In concert, Nicks would often dedicate the song to her father, which lead to all manner of speculation about the lyrics being about the importance of family. And there’s definitely an undertone of that in there: when in 2015 she confirmed that it was about a challenging moment of decision in her youth in which she was torn between continuing to try to “make it” as a musical act with her then-partner Lindsey Buckingham or return to education. Her father was apparently supportive of either option but favoured the latter.
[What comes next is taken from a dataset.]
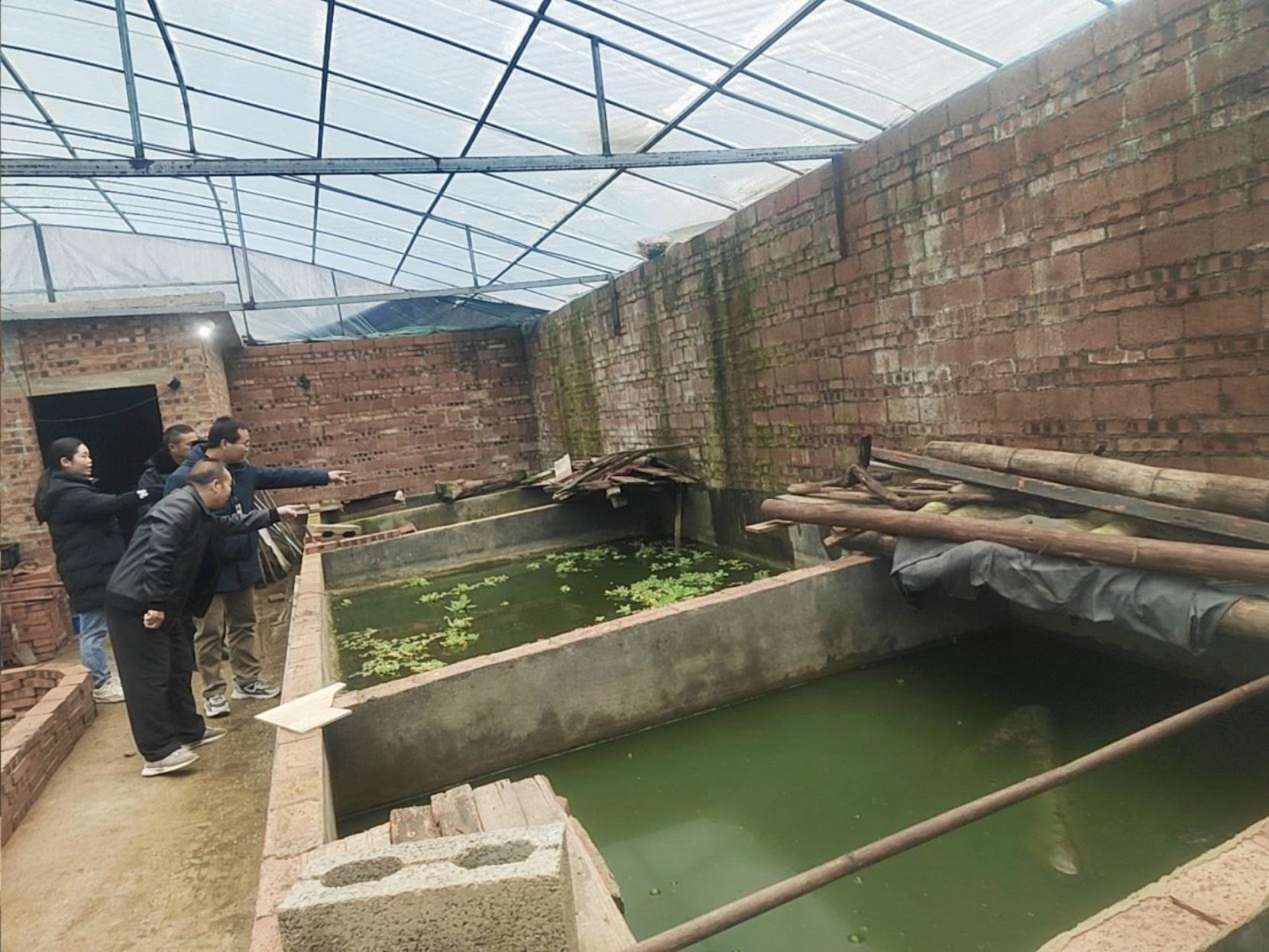 图为技术人员在北牙瑶族乡指导养殖户做好龟类抗冻防灾工作

Ultimately she chose the former and it worked out well for her career… although of course the pair’s romantic relationship eventually collapsed. And so the song’s lyrics, originally about indecision, grow into a new interpretation: one of sliding doors moments, of “what ifs”. In some parallel universe Stevie Nicks dropped out of Buckingham Nicks before Keith Olsen introduced Lindsey Buckingham to Mick Fleetwood, and we’d probably never have heard Landslide.3
Stevie still sings Landslide in concert, and now it feels like it’s entered its third life and lends itself a whole new interpretation. Those lyrics about turning around and looking back, which were originally about reconsidering the choices you made in your youth and the path you’d set yourself on, take on a whole new dimension when sung by somebody as they grow through their 60s and into their 70s!
In particular, coming to the song as a parent4 is a whole other thing. Its thoughts on innocence and growing-up, and watching your children do so, reminds me of my perpetual struggle with comparing myself to the best parent I know. An intergenerational effort to be my best me; to look forwards with courage and backwards with compassion for myself.
All of which is pretty awesome for a song that under other circumstances might be just a catchy twist on a classic country rock chord progression with some good singing. Sliding doors, eh?